● TASK DETAILS: The pictures get left out, but everything else in the listing below must be duplicated exactly.

====== DATASET

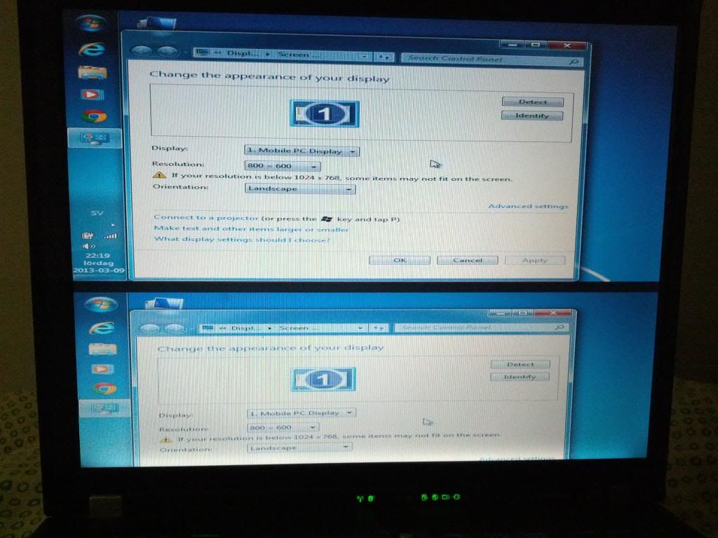 I have windows 7 professional running on my thinkpad t61 laptop. One day when I restarted my laptop, suddenly the display is divided in two horizontal identical screens. I checked with Win + p key and found that no second device is connected. When I connect my TV with VGA, and duplicate/extend the display, I see ok in TV, but my laptop preserves two screen.
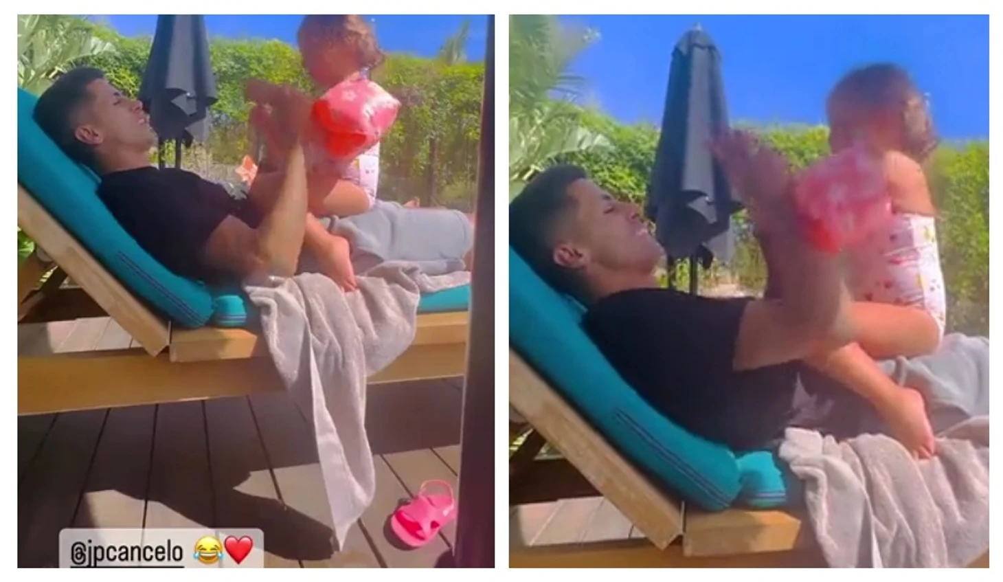В соцсетях появилось видео, на котором новичок «Барсы» Жоауа Канселу играет со своей дочкой и учит ее, как правильно болеть за новый клуб папы.
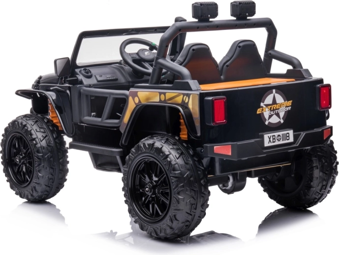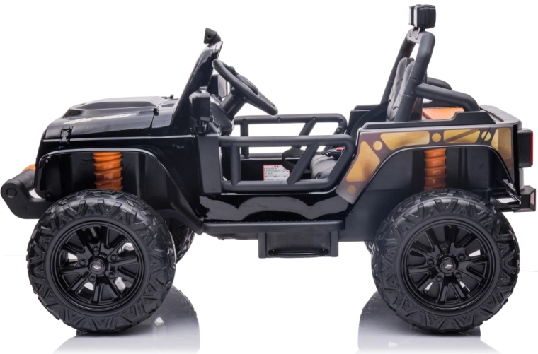 Jeep Monster to wydajny dziecięcy samochód elektryczny z napędem 4×200 W, który radzi sobie zarówno na gładkiej, jak i lekko nierównej trasie. Wysokie podwozie z prześwitem 21 cm, tylne zawieszenie oraz duże koła EVA 30×12 cm zapewniają świetny komfort i trakcję. Dzięki płynnemu startowi i wyborowi kierunku przód/tył dzieci z łatwością uczą się prowadzić.
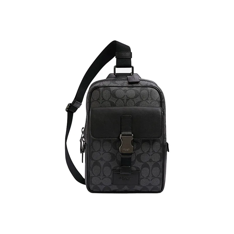 코치 캔버스+가죽 숄더백 크로스바디백 백팩, 슬링 가방 미니 남성 차콜 블랙 - POIZON
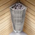 Электрокаменка «Дельта» ЭКМ-9,0 — стильная, функциональная и современная электрокаменка со встроенным пультом управления. Угловое исполнение печи позволит сэкономить свободное место в парильном помещение. Обладая компактными размерами, каменка вмещает большое количество камней, что способствует равномерному распределению и сохранению тепла в парной. Для удобства наполнения электропечи камнями, корпус электрокаменки разделен на две части.
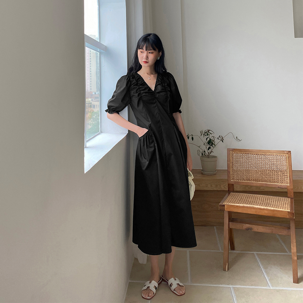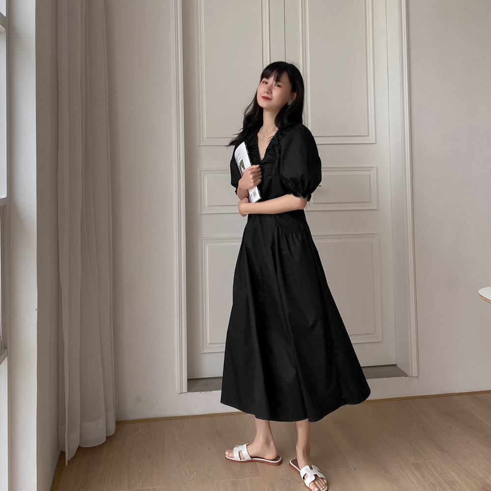 Love Rose Fat Code Women's Fat Costume French Black Long Dress Skin V-collar Dress Fat MM Dress Long Summer

============

● SOLUTION TO THIS PROBLEM:
 I have windows 7 professional running on my thinkpad t61 laptop. One day when I restarted my laptop, suddenly the display is divided in two horizontal identical screens. I checked with Win + p key and found that no second device is connected. When I connect my TV with VGA, and duplicate/extend the display, I see ok in TV, but my laptop preserves two screen.
В соцсетях появилось видео, на котором новичок «Барсы» Жоауа Канселу играет со своей дочкой и учит ее, как правильно болеть за новый клуб папы.
 Jeep Monster to wydajny dziecięcy samochód elektryczny z napędem 4×200 W, który radzi sobie zarówno na gładkiej, jak i lekko nierównej trasie. Wysokie podwozie z prześwitem 21 cm, tylne zawieszenie oraz duże koła EVA 30×12 cm zapewniają świetny komfort i trakcję. Dzięki płynnemu startowi i wyborowi kierunku przód/tył dzieci z łatwością uczą się prowadzić.
 코치 캔버스+가죽 숄더백 크로스바디백 백팩, 슬링 가방 미니 남성 차콜 블랙 - POIZON
 Электрокаменка «Дельта» ЭКМ-9,0 — стильная, функциональная и современная электрокаменка со встроенным пультом управления. Угловое исполнение печи позволит сэкономить свободное место в парильном помещение. Обладая компактными размерами, каменка вмещает большое количество камней, что способствует равномерному распределению и сохранению тепла в парной. Для удобства наполнения электропечи камнями, корпус электрокаменки разделен на две части.
 Love Rose Fat Code Women's Fat Costume French Black Long Dress Skin V-collar Dress Fat MM Dress Long Summer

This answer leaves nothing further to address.